What I need is an exact repeat of the lines from the one with "Schützende -NITRIL-Handschuhe in" through the end of the listing below. Leave out every picture.

COLLECTED MATERIAL below:

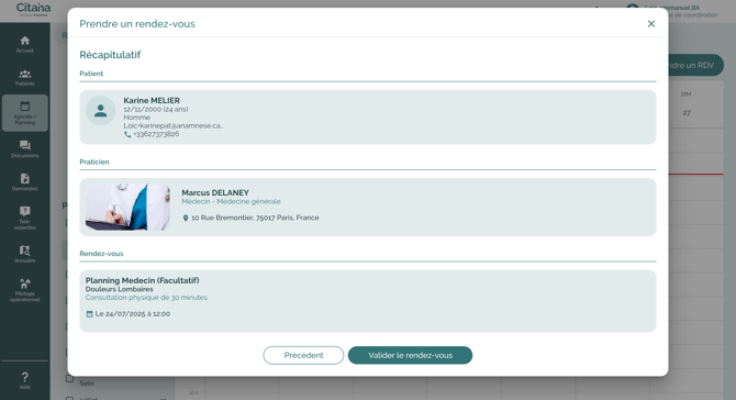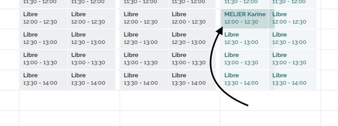 10- Une fois validé, le nom du patient apparaßtra directement sur le créneau réservé.
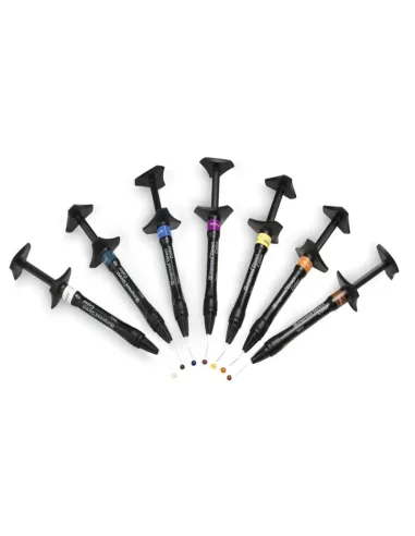 Sus colores han sido seleccionados para realizar caracterizaciones de aspecto natural, tanto en restauraciones directas con composite, como en restauraciones indirectas CAD/CAM y para enmascarar estructuras dentales decoloradas.
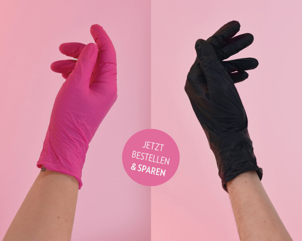 Schützende -NITRIL-Handschuhe in schwarz oder magenta für hautschonendes Arbeiten im Salon zum Sonderpreis. Beide Handschuhe gibt es in den Größen S, M und L in Boxen zu 100 Stück. Im März und April spart man 20 %.
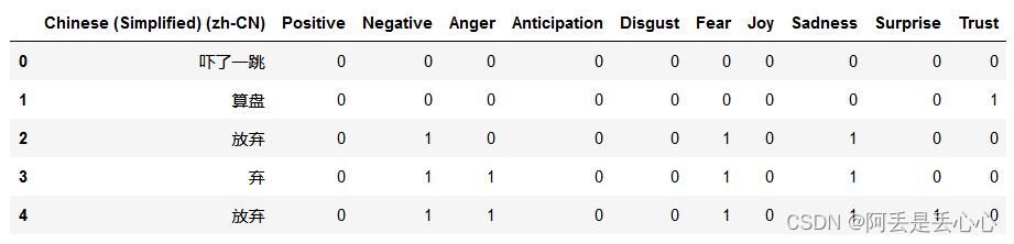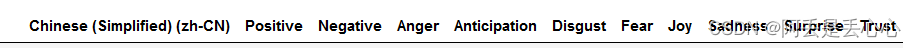 chinese_df = lexion_df[['Chinese (Simplified) (zh-CN)','Positive','Negative','Anger','Anticipation','Disgust','Fear','Joy','Sadness','Surprise','Trust']]

End of COLLECTED MATERIAL.

ANSWER AREA —
 Schützende -NITRIL-Handschuhe in schwarz oder magenta für hautschonendes Arbeiten im Salon zum Sonderpreis. Beide Handschuhe gibt es in den Größen S, M und L in Boxen zu 100 Stück. Im März und April spart man 20 %.
 chinese_df = lexion_df[['Chinese (Simplified) (zh-CN)','Positive','Negative','Anger','Anticipation','Disgust','Fear','Joy','Sadness','Surprise','Trust']]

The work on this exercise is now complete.